Cassara v. Cassara

Crew III, J. (dissenting in part and concurring in part).

We respectfully disagree with the majority’s conclusion that plaintiff is not entitled to a credit for the $300,000 he initially contributed to the construction of the marital residence and/or the $107,000 he used to purchase the parcel of real property located in Montgomery County (hereinafter the Montgomery property). To *821be sure, as the majority has observed, there is no paper trail documenting the distribution of the $600,000 derived from the sale of plaintiff’s fuel oil business in 1987. In our view, this absence of documentation, which is entirely understandable given the length of the parties’ marriage, is not fatal to plaintiffs claim. There simply is no question that the foregoing proceeds—one half of which plaintiff testified he contributed to the construction of the marital residence—emanated from the sale of an admittedly separate, nonmarital asset, and defendant in no way disputes the source of this money.3 Indeed, defendant, who initially was employed in plaintiffs business, testified that she did not work following the parties’ marriage in 1985 and did not return to the work force until the parties’ children, born in 1987 and 1989, were both in school. Hence, whatever income the parties had during the relevant time period came from plaintiff, and the record as a whole fails to establish that plaintiff commingled such funds and, in so doing, transformed his separate property into a marital asset (compare Carney v Carney, 202 AD2d 907, 908 [1994]).4

As for the income generated by plaintiffs various rental properties, the theoretical availability of such funds to finance either the construction of the marital residence or the acquisition of the Montgomery property in no way negates plaintiffs uncontradicted testimony that the moneys for such transactions actually derived from the sale of his business. Moreover, although the record does not establish in any meaningful way the precise amount of rental income that plaintiff was receiving at the time construction began on the marital residence and the Montgomery property was purchased in 1988, suffice to say that whatever funds were generated in this regard, which admittedly would be marital property, did not even remotely approach the $407,000 at issue. Accordingly, we are satisfied that plaintiff met his burden of establishing his entitlement to an additional credit in the amount of $407,000, representing plaintiffs sepa*822rate contributions to the construction of the marital residence ($300,000) and the acquisition of the Montgomery property ($107,000) (see Maczek v Maczek, 248 AD2d 835, 836-837 [1998]; see also Judson v Judson, 255 AD2d 656, 657 [1998]; Zurner v Zurner, 213 AD2d 906, 908 [1995], lv denied 87 NY2d 802 [1995]).

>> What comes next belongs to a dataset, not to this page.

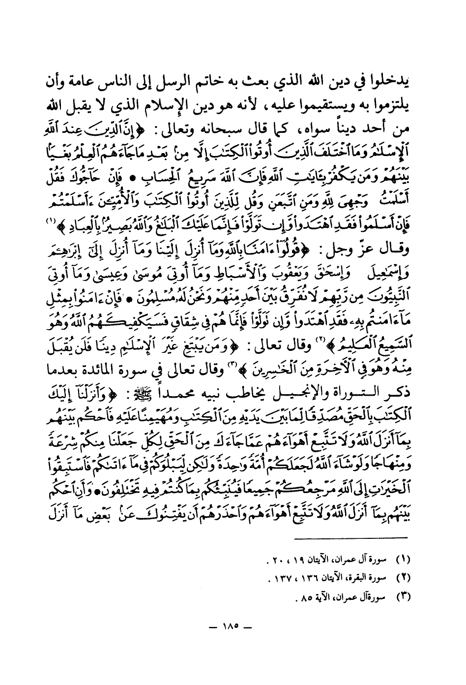 يدخلوا في دين الله الذي بعث به خاتم الرسل إلى الناس عامة وأن يلتزموا به ويستقيموا عليه، لأنه هو دين الإسلام الذي لا يقبل الله من أحد دينا سواه، كما قال سبحانه وتعالى: {إِنَّ الدِّينَ عِنْدَ اللَّهِ الْإِسْلَامُ وَمَا اخْتَلَفَ الَّذِينَ أُوتُوا الْكِتَابَ إِلَّا مِنْ بَعْدِ مَا جَاءَهُمُ الْعِلْمُ بَغْيًا بَيْنَهُمْ وَمَنْ يَكْفُرْ بِآيَاتِ اللَّهِ فَإِنَّ اللَّهَ سَرِيعُ الْحِسَابِ} (¬1) {فَإِنْ حَاجُّوكَ فَقُلْ أَسْلَمْتُ وَجْهِيَ لِلَّهِ وَمَنِ اتَّبَعَنِ وَقُلْ لِلَّذِينَ أُوتُوا الْكِتَابَ وَالْأُمِّيِّينَ أَأَسْلَمْتُمْ فَإِنْ أَسْلَمُوا فَقَدِ اهْتَدَوْا وَإِنْ تَوَلَّوْا فَإِنَّمَا عَلَيْكَ الْبَلَاغُ وَاللَّهُ بَصِيرٌ بِالْعِبَادِ} (¬2) وقال عز وجل: {قُولُوا آمَنَّا بِاللَّهِ وَمَا أُنْزِلَ إِلَيْنَا وَمَا أُنْزِلَ إِلَى إِبْرَاهِيمَ وَإِسْمَاعِيلَ وَإِسْحَاقَ وَيَعْقُوبَ وَالْأَسْبَاطِ وَمَا أُوتِيَ مُوسَى وَعِيسَى وَمَا أُوتِيَ النَّبِيُّونَ مِنْ رَبِّهِمْ لَا نُفَرِّقُ بَيْنَ أَحَدٍ مِنْهُمْ وَنَحْنُ لَهُ مُسْلِمُونَ} (¬3) {فَإِنْ آمَنُوا بِمِثْلِ مَا آمَنْتُمْ بِهِ فَقَدِ اهْتَدَوْا وَإِنْ تَوَلَّوْا فَإِنَّمَا هُمْ فِي شِقَاقٍ فَسَيَكْفِيكَهُمُ اللَّهُ وَهُوَ السَّمِيعُ الْعَلِيمُ} (¬4) وقال تعالى: {وَمَنْ يَبْتَغِ غَيْرَ الْإِسْلَامِ دِينًا فَلَنْ يُقْبَلَ مِنْهُ وَهُوَ فِي الْآخِرَةِ مِنَ الْخَاسِرِينَ} (¬5) وقال تعالى في سورة المائدة بعد ما ذكر التوراة والإنجيل يخاطب نبيه محمدا صلى الله عليه وسلم: {وَأَنْزَلْنَا إِلَيْكَ الْكِتَابَ بِالْحَقِّ مُصَدِّقًا لِمَا بَيْنَ يَدَيْهِ مِنَ الْكِتَابِ وَمُهَيْمِنًا عَلَيْهِ فَاحْكُمْ بَيْنَهُمْ بِمَا أَنْزَلَ اللَّهُ وَلَا تَتَّبِعْ أَهْوَاءَهُمْ عَمَّا جَاءَكَ مِنَ الْحَقِّ لِكُلٍّ جَعَلْنَا مِنْكُمْ شِرْعَةً وَمِنْهَاجًا وَلَوْ شَاءَ اللَّهُ لَجَعَلَكُمْ أُمَّةً وَاحِدَةً وَلَكِنْ لِيَبْلُوَكُمْ فِي مَا آتَاكُمْ فَاسْتَبِقُوا الْخَيْرَاتِ إِلَى اللَّهِ مَرْجِعُكُمْ جَمِيعًا فَيُنَبِّئُكُمْ بِمَا كُنْتُمْ فِيهِ تَخْتَلِفُونَ} (¬6) {وَأَنِ احْكُمْ بَيْنَهُمْ بِمَا أَنْزَلَ اللَّهُ وَلَا تَتَّبِعْ أَهْوَاءَهُم وَاحْذَرْهُمْ أَنْ يَفْتِنُوكَ عَنْ بَعْضِ مَا أَنْزَلَ اللَّهُ إِلَيْكَ فَإِنْ تَوَلَّوْا فَاعْلَمْ أَنَّمَا يُرِيدُ اللَّهُ أَنْ يُصِيبَهُمْ بِبَعْضِ ذُنُوبِهِمْ وَإِنَّ كَثِيرًا مِنَ النَّاسِ لَفَاسِقُونَ} (¬7) {أَفَحُكْمَ الْجَاهِلِيَّةِ يَبْغُونَ وَمَنْ أَحْسَنُ مِنَ اللَّهِ حُكْمًا لِقَوْمٍ يُوقِنُونَ} (¬8)

Rose, J., concurs. Ordered that the judgment is modified, on the law, without costs, by reversing so much thereof as denied plaintiff certain credits, ordered plaintiff to pay $300 per week in child support and $100 per week in maintenance and ordered equitable distribution of the parties’ marital property; plaintiff is credited with $58,000 to reflect his separate property and/or separate contributions to the marital residence and matter remitted to the Supreme Court for a redetermination of the equitable distribution of the parties’ property, plaintiffs child support and maintenance obligations; and, as so modified, affirmed.

. Although defendant indeed argues in her brief that the total funds required for the construction of the marital residence ultimately derived from various sources, including a mortgage in both parties’ names, contrary to the majority’s assertion, her testimony at trial in no way disputes or discredits plaintiff’s unequivocal claim that he contributed $300,000 to the initial construction of such residence and that the $300,000 at issue represented proceeds from the sale of a clearly separate, nonmarital asset.

. In this regard, defendant’s testimony “suggests” nothing more than that the parties had joint checking accounts at various points in their marriage, which falls far short of estabhshing that defendant deposited $300,000 of his separate funds into a particular joint account at a particular point in time and then used those “joint” funds to provide the initial financing for the construction of the marital residence.